Briefly, the protest of IgniteAction JV vs. United States, No. 24-1386 relates to the U.S. Census Bureau's ("Census") award of a contract (a follow-on effort) to the protester. That award was protested by two unsuccessful bidders. To maintain services during the protests, the agency issued two sole-source bridge contracts to the incumbent contractor, which was a member of a JV that bid on the work. The agency needed another bridge and, for various reasons, was teeing up a bridge contract to a new company. That action is the subject of the instant protest.
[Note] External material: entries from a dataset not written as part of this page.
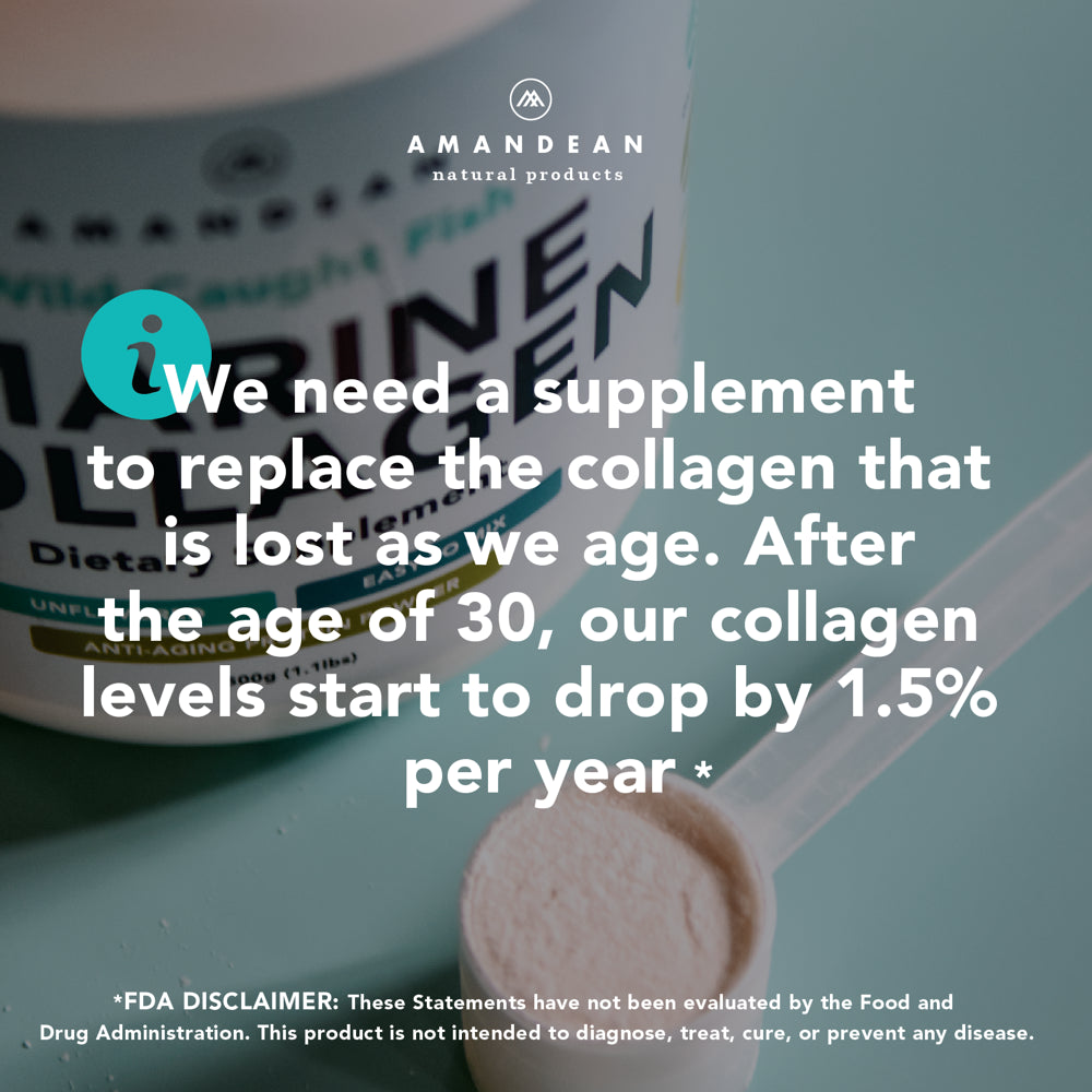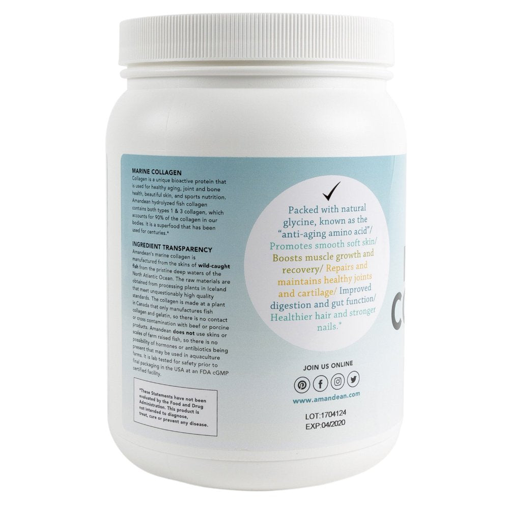 - Supports skin health from the inside-out: Marine collagen is known to support skin health, including improving skin elasticity, managing the appearance of fine lines and wrinkles, and promoting a youthful glow. Amandean Marine Collagen can help to nourish and strengthen the skin from the inside out.
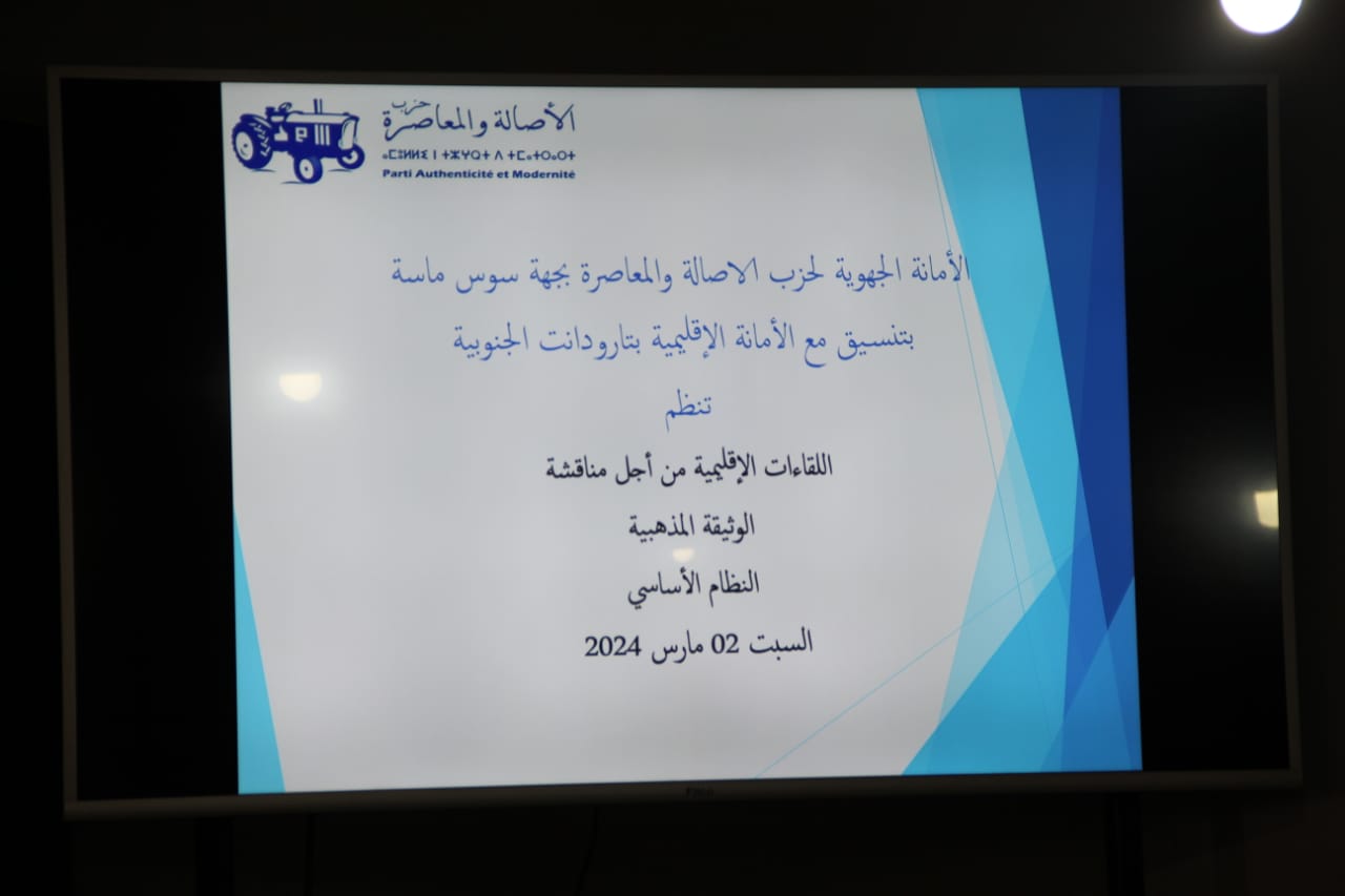 تتواصل سلسلة اللقاءات التشاورية لـلأمانة الجهوية لحزب الاصالة والمعاصرة بجهة سوس ماسة بخصوص مخرجات المؤتمر الوطني الخامس للحزب ومضامين الورقة المذهبية الحزب، وهكذا انعقد يوم الأحد 03 مارس الجاري بمدينة تارودانت، اجتماع إقليمي موسع؛ تحت إشراف الأمين الإقليمي للحزب تارودانت الجنوبية السيد كبور الماسي، وبحضور البرلمانية السيدة حنان الماسي، والسادة الأمناء وأعضاء الأمانات المحلية وأطر الحزب وإدارته الجهوية.
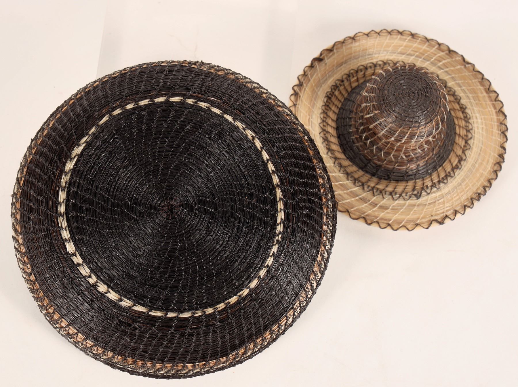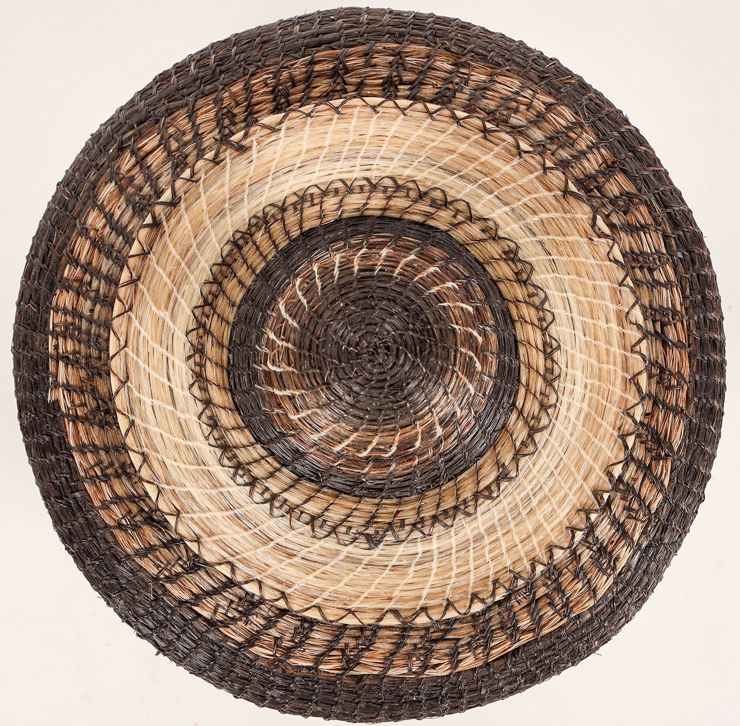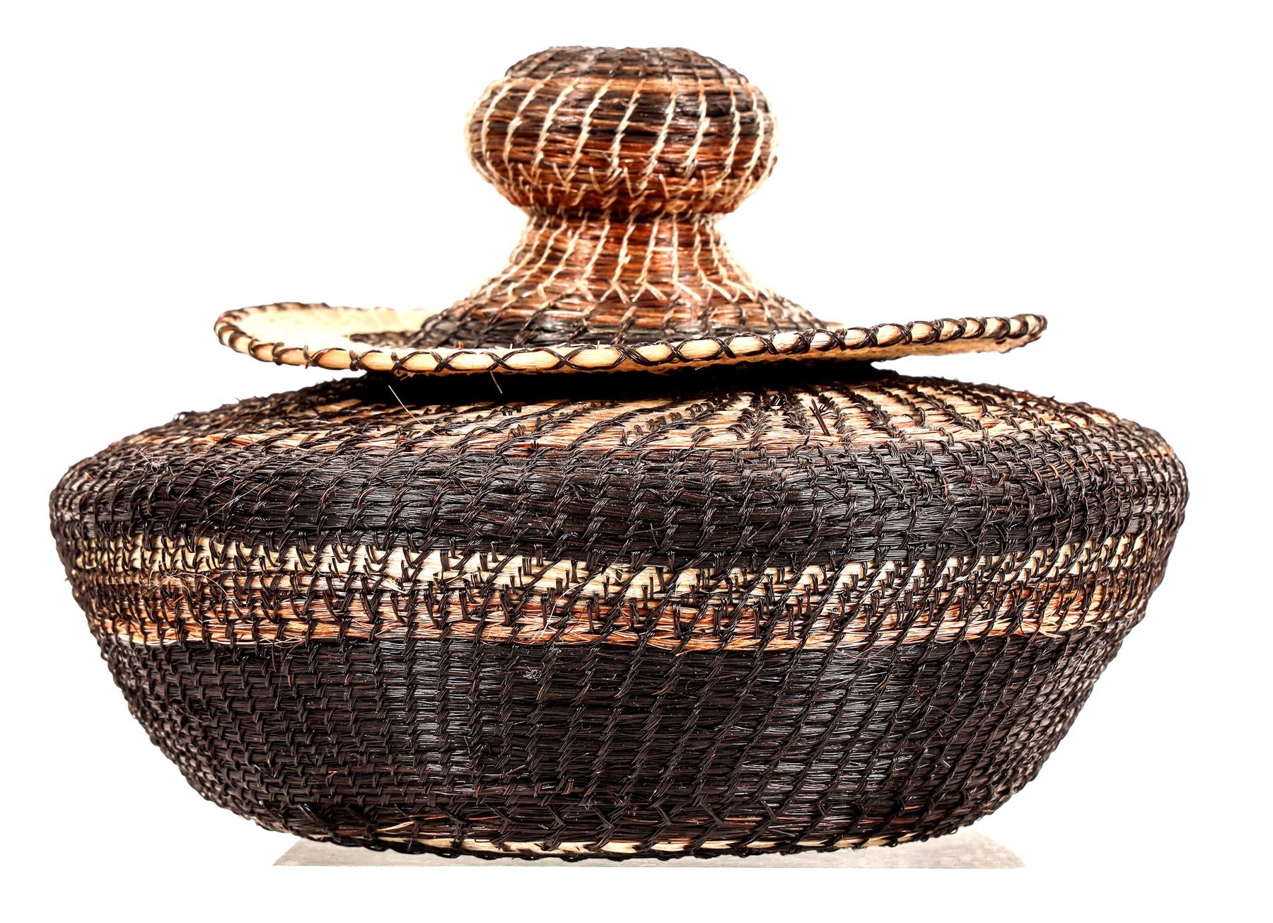 6.5" diameter 5" tall. Lid with mostly lighter colored horsehair and dark knob, body with generally darker colored horsehair. Identification by N. Delorme. Fred Wedertz Collection of Bridgeport. Made by the Rodgers family in Schurz NV near Walker lake.

Here, the protester challenged the bridge contract because "the work the agency proposes to award to [the new company] is not part of its existing FSS task order and cannot be made part of it by modification." The agency disagreed. The court sided with the protester and rejected the agency's arguments, stating that it is "sympathetic to the agency’s desire to fulfill its mission, but that desire cannot short-circuit the government’s obligations under the FAR."
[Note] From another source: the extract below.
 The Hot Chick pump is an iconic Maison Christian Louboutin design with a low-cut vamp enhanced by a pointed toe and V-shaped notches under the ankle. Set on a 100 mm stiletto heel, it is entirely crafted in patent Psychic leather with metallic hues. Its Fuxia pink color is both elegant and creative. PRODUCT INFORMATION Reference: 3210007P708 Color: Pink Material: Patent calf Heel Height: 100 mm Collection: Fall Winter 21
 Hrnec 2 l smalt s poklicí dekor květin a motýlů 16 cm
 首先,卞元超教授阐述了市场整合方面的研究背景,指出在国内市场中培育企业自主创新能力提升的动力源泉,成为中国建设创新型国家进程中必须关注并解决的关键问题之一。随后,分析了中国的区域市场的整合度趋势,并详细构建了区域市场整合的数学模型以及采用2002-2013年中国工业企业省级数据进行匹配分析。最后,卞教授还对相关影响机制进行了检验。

In finding that the protester was likely to succeed on the merits, the court looked at whether the bridge services were outside the scope of the order – i.e., cardinal change. If it was, the bridge contract would violate CICA's competition mandate. In that respect, while changes typically relate to contract administration, in bid protests "the cardinal change doctrine is applied when the government’s modifications to an existing contract circumvents competition for those additional services."
To determine whether a cardinal change occurred, the court looked at several factors, including for example: whether bidders to the original task order would have reasonably expected the modification to fall within its terms; whether the price will significantly change; whether there are changes in the type of product or service, quantity, and performance period; and whether the end-client would be different.
Under that rubric, the court held that the services were outside the scope of the order. For example, the order was primarily for web services and analytics, customer service principles, and SEO analysis, while the bridge contract involved a host of enterprise-wide IT services for the agency's data dissemination efforts (at a different Census office). Those IT services included, among others, "back-end software development support, production operations support through all environments, systems engineering and integration services, systems design, configuration management, functional and integration testing, incident and problem management, [and] IT security engineering." The court also looked at the personnel involved and LCATs and found that the personnel weren't the same type and that the new company's GSA price list did not include those LCATs.
In the court's view, the "disparity in available services and personnel" showed that the bridge services were not within the scope of the task order. After turning to the remaining factors for injunctive relief, the court granted the protester's PI motion.
Takeaway
While procuring agencies generally enjoy broad deference in their decision-making, they must act within the bounds of applicable law – and regulation (e.g., the FAR) – for their actions to withstand judicial scrutiny. This COFC decision illustrates that while bridge contracts related to bid protest litigation are commonplace, agencies still must adhere to established principles when making decisions to award those contracts.